| A personal anecdote: At Joe & the Juice in Palo Alto (cashless), I was buying a drink with my friend, and a clearly homeless man in front of us was trying to buy a coffee with cash. They refused and he got upset, so my friend paid for his coffee to de-escalate. We were outside when the cashier ran up to us in the street, explaining "Please don't buy drinks for these guys, they come in here and get a drink and use that to stay all day. It's not the look we're going for, and it's one of the reasons why we have this cashless policy." Cashless stores are convenient and I understand the arguments for them (as well as the arguments for not buying homeless people free stuff), but as long as cashless can be used to disenfranchise lower income people, I'm opposed to it. |
Not wanting this behavior is absolutely reasonable, but what I'd find suspicious and don't understand is why cashless would be the method. I know of plenty of places that have policies along the lines of "during regular hours 15 minutes per drink, 40 with drink & food" or whatever is appropriate to the location. It's private property though a public business, and they can set non-discriminatory customer neutral policies for free use, particularly around interfering with other customers. It also doesn't seem like it'd be at all a class thing, I know lots of cafes around here have had issues sometimes with someone coming in and getting a single coffee then pulling out their high end notebook and using a table as a free internet accessible office for an hour or two.

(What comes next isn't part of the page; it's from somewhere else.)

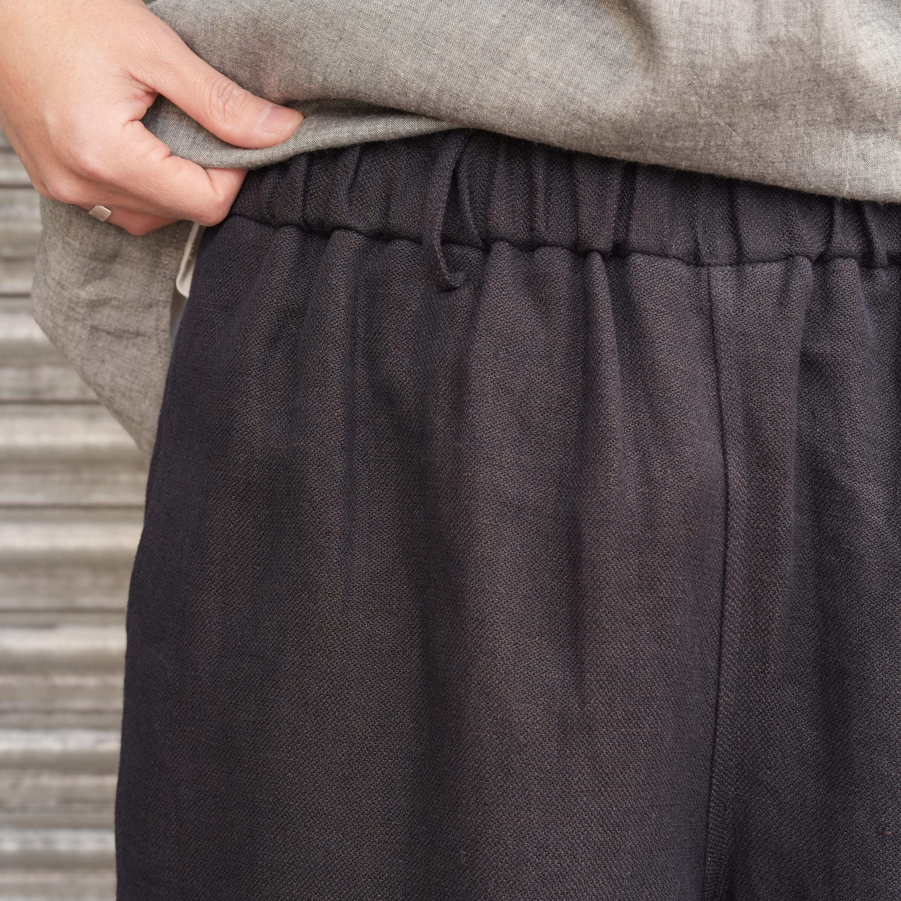 愛知県尾州地方にある近藤毛織工場で織ってもらったリネン生地です。組織はブロークンツイルです。一定の間隔で綾目の方向を切り替えられて織られます。綾目が連続しないため、なめらかでフラットな表情になりました。生地自体がねじれにくく、かつ丈夫でソフトな風合いを持ち、また、糸にかかる力が分散されるため、型崩れしにくく、長持ちします。綾目が出ないことで、肌触りが滑らかになっています。綾織のリズムが断ち切られ、2色の糸を用いることで、独特のテクスチャーが生まれました。

They are not even slightly poor, they've got credit cards and smartphones, they're just rude.
But the result was just that businesses instituted policies and simply ask such people to leave if it seems to be deterring other customers, and that also seems like the obvious general solution. I'm honestly curious about why in Palo Alto that wouldn't be true too, is there some local law/ordinance that prohibits asking a customer to leave or the like? If there is no such thing it does seem more likely they were just lying, and the real truth was that they want customers who meet some specific level of dress code and also don't want to be honest about it (for legal reasons or just plain PR or both).
There are plenty of real reasons for a business to want to take the hit to go cashless (managing significant amounts of physical cash is a genuine expense, and in some places raises the attractiveness for robbery too). This really doesn't seem like one of them though.